BEGIN Exercise materials

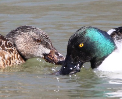 この嘴を見れば雌でも他のカモ類と間違える事はないでしょう。本種の雄はエクリプス後に更に体の一部を換羽させ、繁殖羽に移行中のような段階があり、それをサブエクリプスと言うそうです。
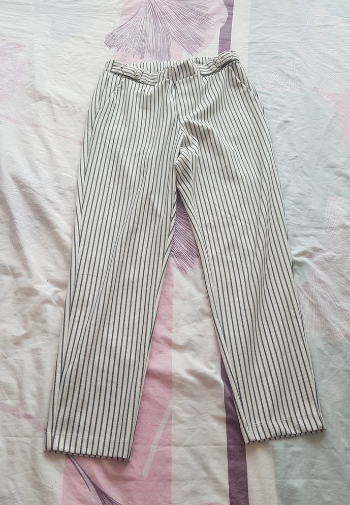 lacivert beyaz çizgili, pliseli ve regular fit kadın kumaş pantolon. Yumuşak sentetik kumaştan, günlük rahat Paris sokak modasına uygun.
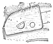 We have seen that men began by placing the bodies of their dead in caves, and only later took to burying them underground when caves were not to be had. Very often the corpse was placed between large unhewn stones to keep off from it the weight of the tumulus above. Such were the last resting-places alike of the men of Solutré and of those of Merovingian times. In the necropolis of Vilanova, which is supposed to date from times prior to the foundation of Rome, the tombs enclosed a chest, the walls of which consisted of slabs of sandstone set on edge and connected by a conglomerate of small stones. At Marzabotto, the chests are made of bricks, and placed beneath a heap of pebbles. We reproduce a chest discovered near the Lake Dwellings of Auvernier in Switzerland (Fig. 106)25 and another (Fig. 107) brought to light by MM. Siret in the south of Spain. These drawings will help us better than long descriptions to form an idea of this mode of burial.
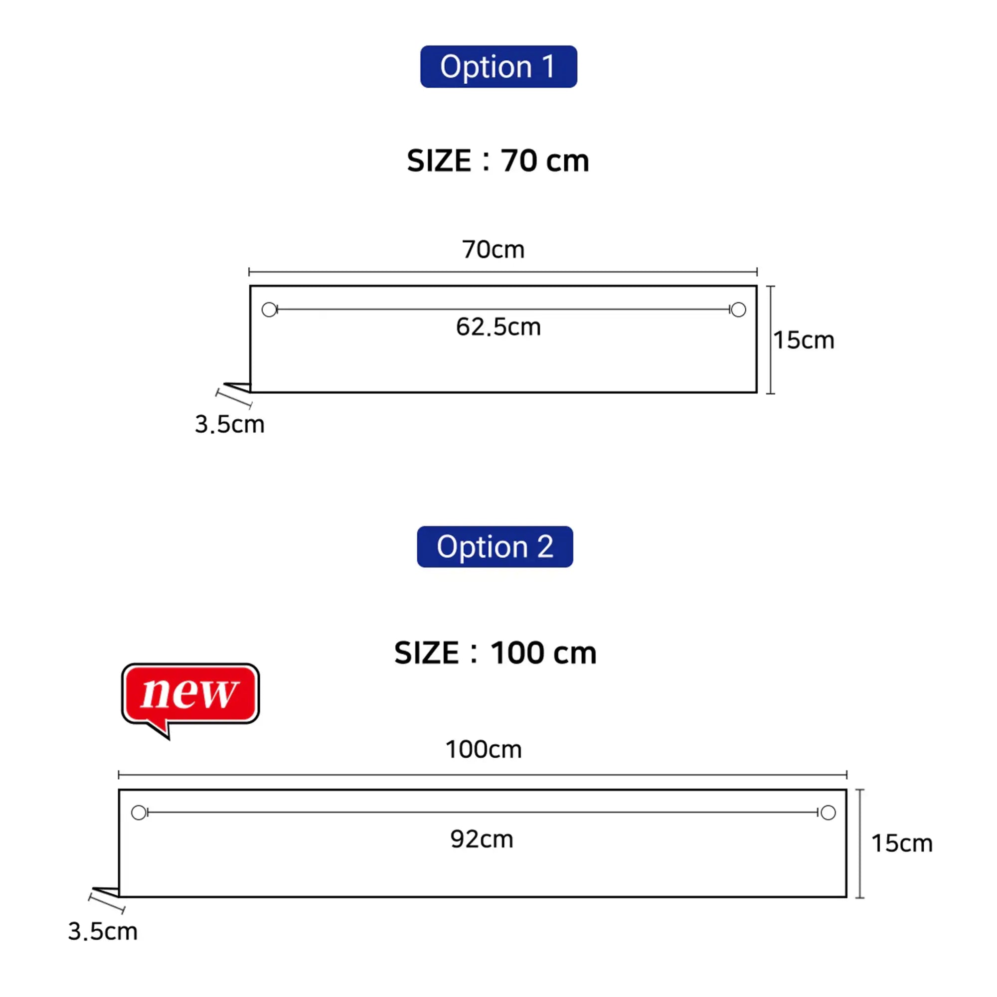100cmサイズは、画像では両端のみ棚受けが設置されていますが、商品仕様変更があり、中央にも棚受けがついています。
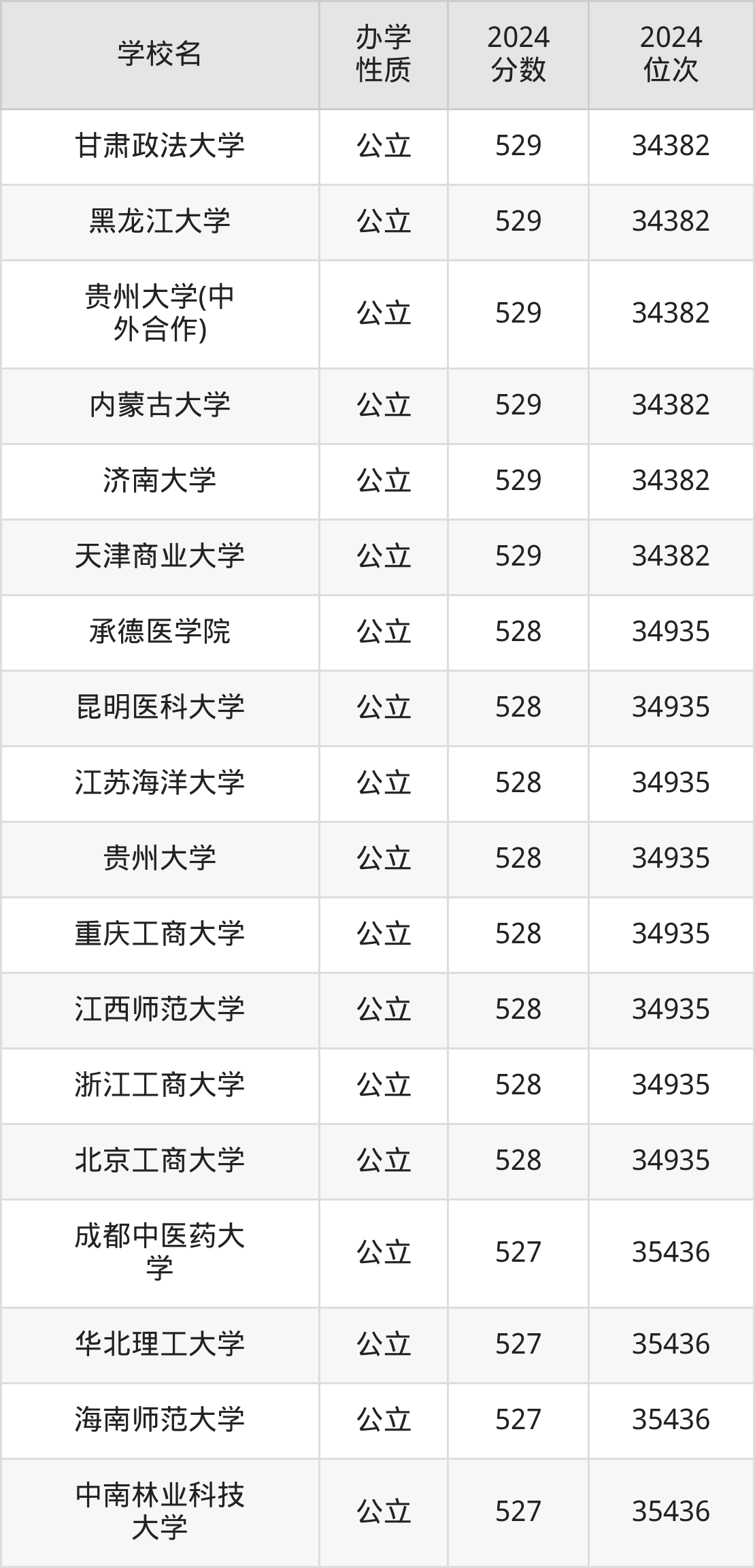 | 贵州大学(中 外合作) | 529 | 34382 |
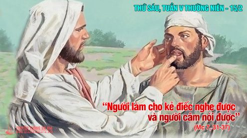 Khi ấy, Chúa Giêsu từ địa hạt Tyrô qua Siđon đến gần biển Galilêa giữa miền thập tỉnh, Người ta đem đến cho Người một kẻ câm điếc và xin Người đặt tay trên kẻ ấy. Người đem anh ta ra khỏi đám đông, đặt ngón tay vào tai anh ta và bôi nước miếng vào lưỡi anh. Đoạn ngước mắt lên trời, Người thở dài và bảo: “Ephpheta!”, nghĩa là “Hãy mở ra!”, tức thì tai anh ta mở ra và lưỡi anh ta được tháo gỡ, và anh nói được sõi sàng. Chúa Giêsu liền cấm họ: đừng nói điều đó với ai cả. Nhưng Người càng cấm, thì họ càng loan truyền mạnh hơn. Họ đầy lòng thán phục mà rằng: “Người làm mọi sự tốt đẹp, Người làm cho kẻ điếc nghe được và người câm nói được”.

END Exercise materials

**Your assignment**
Repeat every record precisely. Any picture among them stays out of the copy.

**Exercise result**
 この嘴を見れば雌でも他のカモ類と間違える事はないでしょう。本種の雄はエクリプス後に更に体の一部を換羽させ、繁殖羽に移行中のような段階があり、それをサブエクリプスと言うそうです。
 lacivert beyaz çizgili, pliseli ve regular fit kadın kumaş pantolon. Yumuşak sentetik kumaştan, günlük rahat Paris sokak modasına uygun.
 We have seen that men began by placing the bodies of their dead in caves, and only later took to burying them underground when caves were not to be had. Very often the corpse was placed between large unhewn stones to keep off from it the weight of the tumulus above. Such were the last resting-places alike of the men of Solutré and of those of Merovingian times. In the necropolis of Vilanova, which is supposed to date from times prior to the foundation of Rome, the tombs enclosed a chest, the walls of which consisted of slabs of sandstone set on edge and connected by a conglomerate of small stones. At Marzabotto, the chests are made of bricks, and placed beneath a heap of pebbles. We reproduce a chest discovered near the Lake Dwellings of Auvernier in Switzerland (Fig. 106)25 and another (Fig. 107) brought to light by MM. Siret in the south of Spain. These drawings will help us better than long descriptions to form an idea of this mode of burial.
100cmサイズは、画像では両端のみ棚受けが設置されていますが、商品仕様変更があり、中央にも棚受けがついています。
 | 贵州大学(中 外合作) | 529 | 34382 |
 Khi ấy, Chúa Giêsu từ địa hạt Tyrô qua Siđon đến gần biển Galilêa giữa miền thập tỉnh, Người ta đem đến cho Người một kẻ câm điếc và xin Người đặt tay trên kẻ ấy. Người đem anh ta ra khỏi đám đông, đặt ngón tay vào tai anh ta và bôi nước miếng vào lưỡi anh. Đoạn ngước mắt lên trời, Người thở dài và bảo: “Ephpheta!”, nghĩa là “Hãy mở ra!”, tức thì tai anh ta mở ra và lưỡi anh ta được tháo gỡ, và anh nói được sõi sàng. Chúa Giêsu liền cấm họ: đừng nói điều đó với ai cả. Nhưng Người càng cấm, thì họ càng loan truyền mạnh hơn. Họ đầy lòng thán phục mà rằng: “Người làm mọi sự tốt đẹp, Người làm cho kẻ điếc nghe được và người câm nói được”.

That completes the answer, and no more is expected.